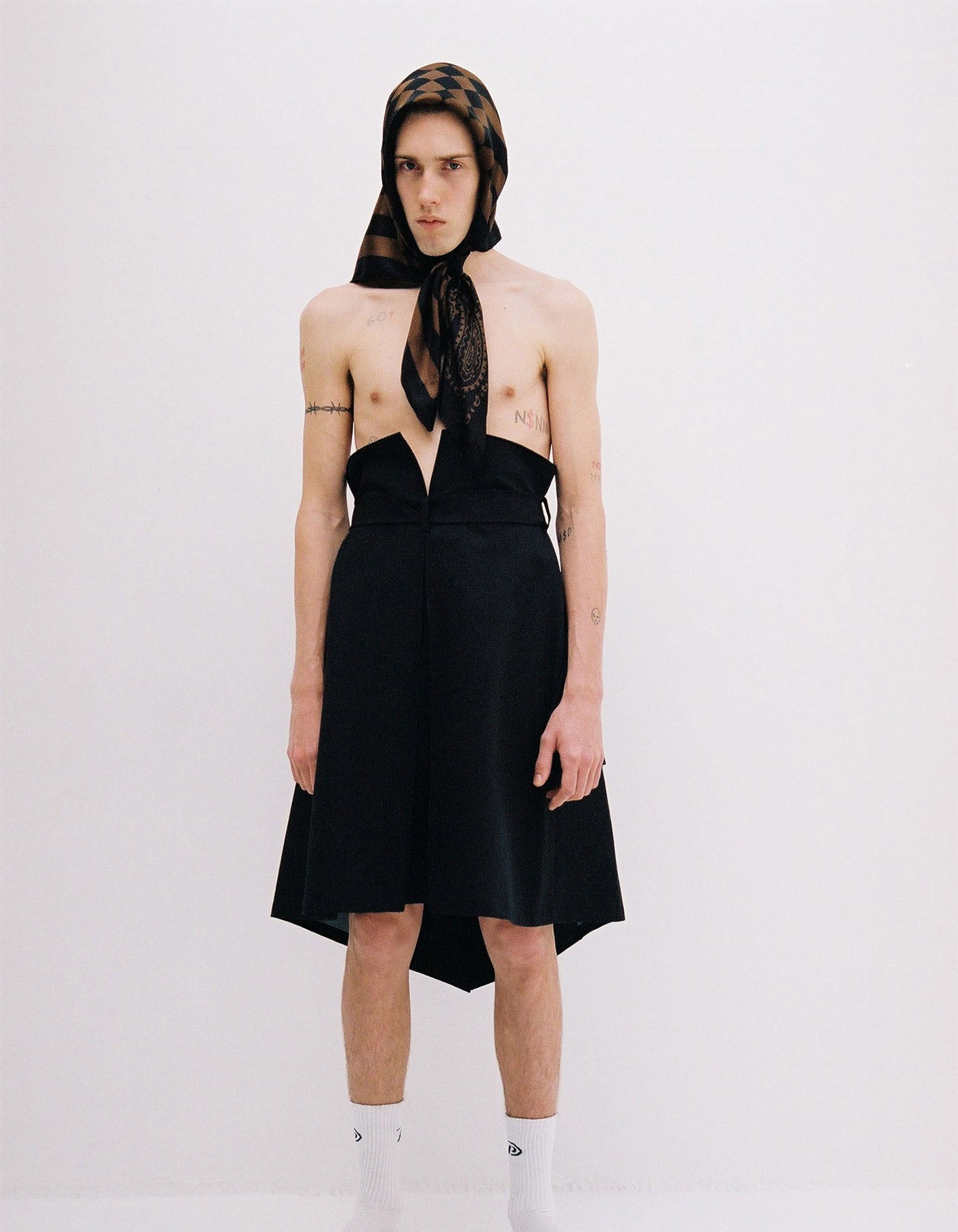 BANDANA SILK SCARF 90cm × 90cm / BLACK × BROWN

==

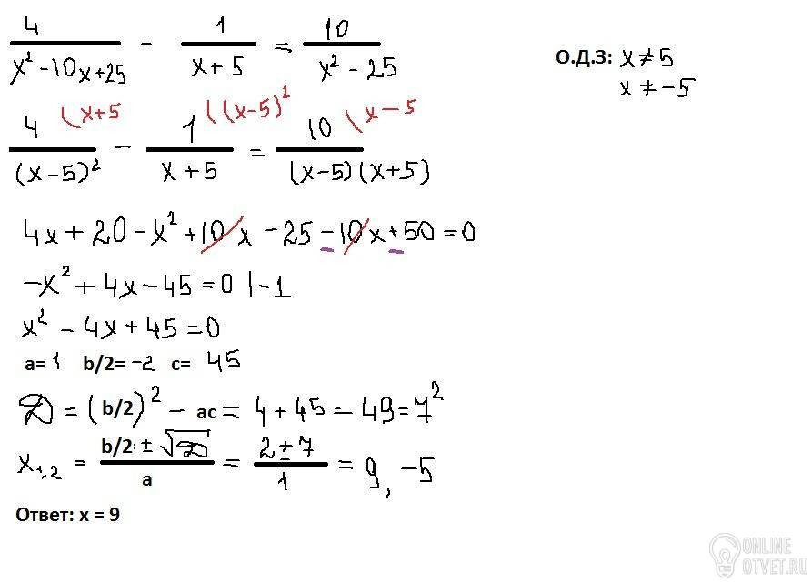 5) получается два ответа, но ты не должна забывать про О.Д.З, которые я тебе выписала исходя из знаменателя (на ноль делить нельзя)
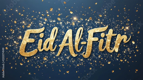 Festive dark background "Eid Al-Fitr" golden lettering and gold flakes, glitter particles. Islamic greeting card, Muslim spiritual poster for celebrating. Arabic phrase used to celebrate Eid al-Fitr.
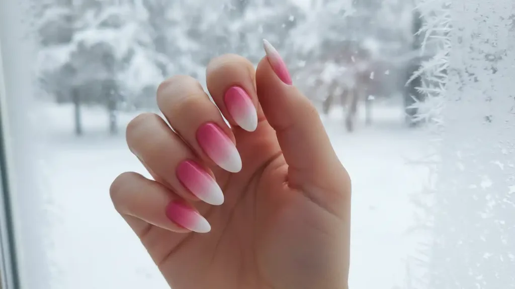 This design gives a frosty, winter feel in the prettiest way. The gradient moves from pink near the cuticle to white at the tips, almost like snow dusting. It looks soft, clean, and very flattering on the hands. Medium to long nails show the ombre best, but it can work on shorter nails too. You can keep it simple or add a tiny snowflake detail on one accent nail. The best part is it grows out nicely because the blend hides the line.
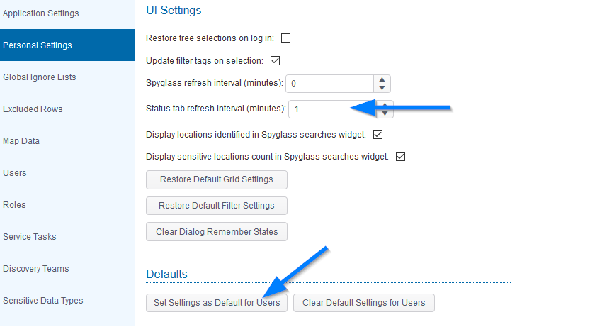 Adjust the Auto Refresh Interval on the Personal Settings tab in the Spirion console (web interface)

## Work to be completed
Beginning with the line above that contains "Festive dark background" and finishing with the line that contains "Adjust the Auto", print those lines exactly and only. Skip all pictures.

## Result
 Festive dark background "Eid Al-Fitr" golden lettering and gold flakes, glitter particles. Islamic greeting card, Muslim spiritual poster for celebrating. Arabic phrase used to celebrate Eid al-Fitr.
 This design gives a frosty, winter feel in the prettiest way. The gradient moves from pink near the cuticle to white at the tips, almost like snow dusting. It looks soft, clean, and very flattering on the hands. Medium to long nails show the ombre best, but it can work on shorter nails too. You can keep it simple or add a tiny snowflake detail on one accent nail. The best part is it grows out nicely because the blend hides the line.
 Adjust the Auto Refresh Interval on the Personal Settings tab in the Spirion console (web interface)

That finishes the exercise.